Starbucks is a successful coffee chain. The organizational structure is geographic, and decision making is mainly centralized with respect to strategy, and many operational decisions even at the local level come with strong guidance from head office. There are a few key issues, however, that need to be addressed. One is the relatively weak leadership pipeline within the organization, another is the distribution of resources to facilitate expansion and finally there is also the issue of maintaining quality standards despite a still-rapid pace of expansion.

General Description

Starbucks is a company operating in the quick service restaurant business, where it is the 3rd-largest firm in the industry in the U.S. By revenue (Oches, 2014). The company name is Starbucks Corporation. To nobody's big surprise, it is a corporation. Starbucks is publicly traded, on the NASDAQ under the ticker symbol SBUX. The company has a 97.33% float, with 2.74% inside ownership (MSN Moneycentral, 2014).
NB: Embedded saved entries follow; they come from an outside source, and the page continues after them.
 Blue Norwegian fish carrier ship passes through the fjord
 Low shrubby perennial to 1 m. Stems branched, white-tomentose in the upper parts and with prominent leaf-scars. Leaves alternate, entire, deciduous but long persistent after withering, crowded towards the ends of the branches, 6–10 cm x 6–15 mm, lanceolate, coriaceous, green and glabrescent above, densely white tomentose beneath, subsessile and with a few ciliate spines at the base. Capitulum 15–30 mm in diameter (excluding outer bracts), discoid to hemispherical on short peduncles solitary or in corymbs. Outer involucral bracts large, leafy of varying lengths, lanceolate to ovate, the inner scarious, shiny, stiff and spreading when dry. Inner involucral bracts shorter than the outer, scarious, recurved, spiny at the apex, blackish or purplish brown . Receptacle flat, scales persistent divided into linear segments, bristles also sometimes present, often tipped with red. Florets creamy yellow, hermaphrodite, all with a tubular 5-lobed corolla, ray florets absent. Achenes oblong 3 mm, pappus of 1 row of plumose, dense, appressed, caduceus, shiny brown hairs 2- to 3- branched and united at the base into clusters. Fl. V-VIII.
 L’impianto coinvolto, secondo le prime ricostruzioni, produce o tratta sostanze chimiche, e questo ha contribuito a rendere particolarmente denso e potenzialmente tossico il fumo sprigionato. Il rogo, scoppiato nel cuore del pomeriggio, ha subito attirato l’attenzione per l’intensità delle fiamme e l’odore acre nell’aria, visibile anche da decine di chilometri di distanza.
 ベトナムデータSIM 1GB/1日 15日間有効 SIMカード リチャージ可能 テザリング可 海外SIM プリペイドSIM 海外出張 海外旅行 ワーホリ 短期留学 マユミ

The company has 191,000 employees. It does not publish internal demographic information -- not sure if any company does that. The company was formed in 1985 in its current organization, though it has an antecedent that traces back to the early 1970s. The current company was organized after Howard Schultz adopted the name and applied it to his coffee chain vision. Today, Starbucks operates in 65 countries around the world (MSN Moneycentral, 2014). There is a split between company-owned stores and franchised stores. In some markets, there is a strong preferences one way or the other. Overall, there are 19,767 stores, with 10,194 (52%) being company-owned stores and the rest being franchise stores. In the Americas, 60% of stores are company-owned. In Europe and the Middle East, 57% of stores are franchised. In Asia-Pacific, 77% of stores are franchised. Starbucks also has stores in other segments, like juice and tea, and most of these are company-owned (Starbucks 2013 Annual Report).
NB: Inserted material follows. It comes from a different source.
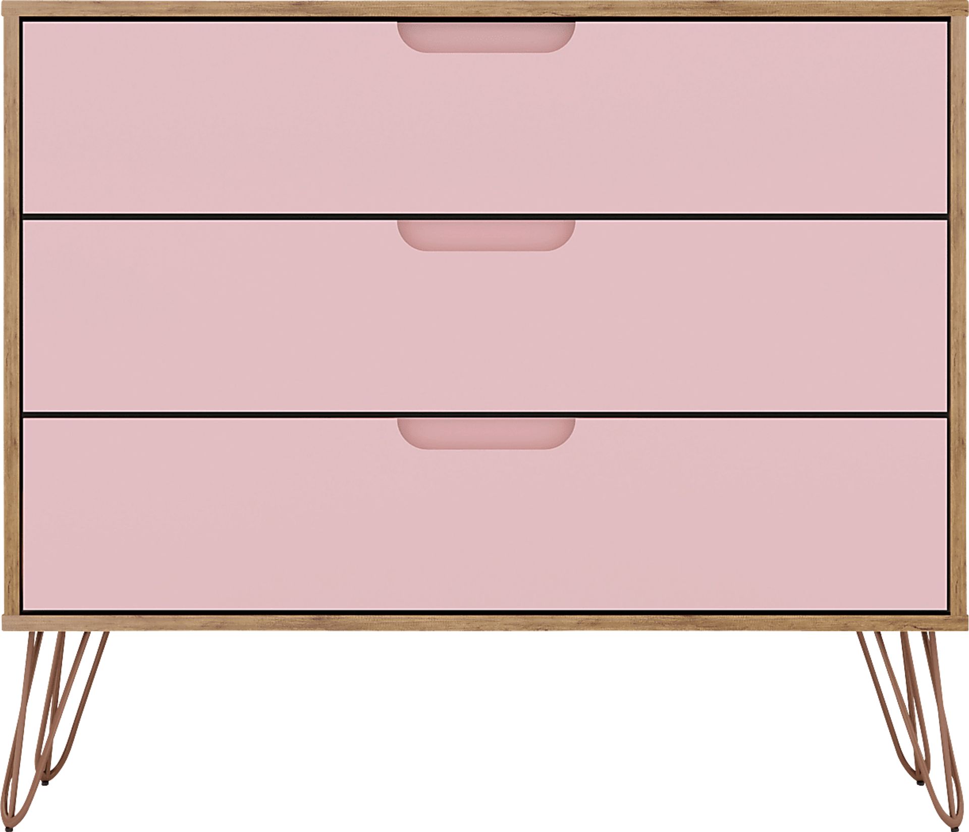 The Camomile VI pink dresser is the perfect accompaniment to any bedroom space, with ample storage and minimalistic Mid-century modern style. Cutout handles keep the piece feeling fresh with three drawers made easy for stowing away clothing, personal items, and beyond. A display top allows for sharing favorite framed family photos, travel trinkets, perfume trays, or a decorative lamp. Set it under a mirror or painting to complete your space with this instant bedroom focal point. Customer assembly is required.
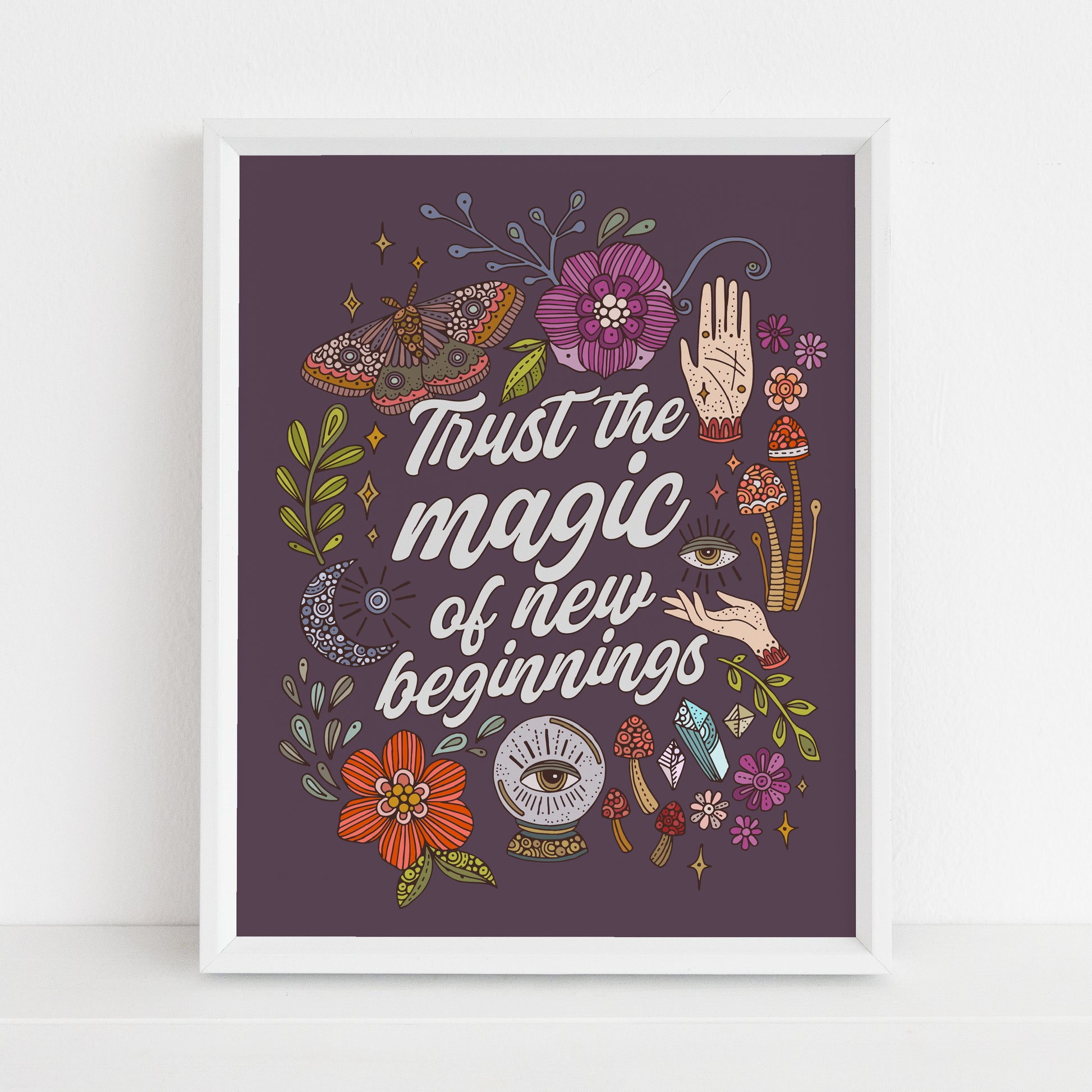 Trust the Magic of New Beginnings, Art Print - Mystical Floral Decor

Most of those are Teavana stores. Teavana is a brand that the company acquired in 2012, with the idea of utilizing its core competencies developed in coffee to roll out teahouses (Choi & Skidmore, 2012).

The major growth markets for Starbucks right now are China (206 new stores in 2013) and the U.S. (193 new stores). Canada, Mexico and South Korea are also decent growth markets. The split of revenues is 74% beverages, 20% food, 3% packaged coffees and 3% merchandise and equipment (2013 Starbucks Annual Report). The company also acquired a juice business in order to do the same thing, basically trying diversify within the beverage business (Jargon, 2011).

The company also has some other, non-shop, revenue streams. It has the K-cup, which is one of those single-serve coffee systems, and it has a licensing agreement with Pepsi to produce Starbucks-branded beverages. These other businesses are worth around $1.42 billion in revenue and $415 million in net income in 2013 (2013 Starbucks Annual Report). The company overall earned revenue of $16.447 billion in FY 2014 with net income for the year of $2.068 billion. This represents an improvement, significantly so, from 2013 when a $2.7 billion charge relating to a distribution deal with Kraft that Starbucks terminated in order to gain freedom for control over its packaged products (Schultz, 2013).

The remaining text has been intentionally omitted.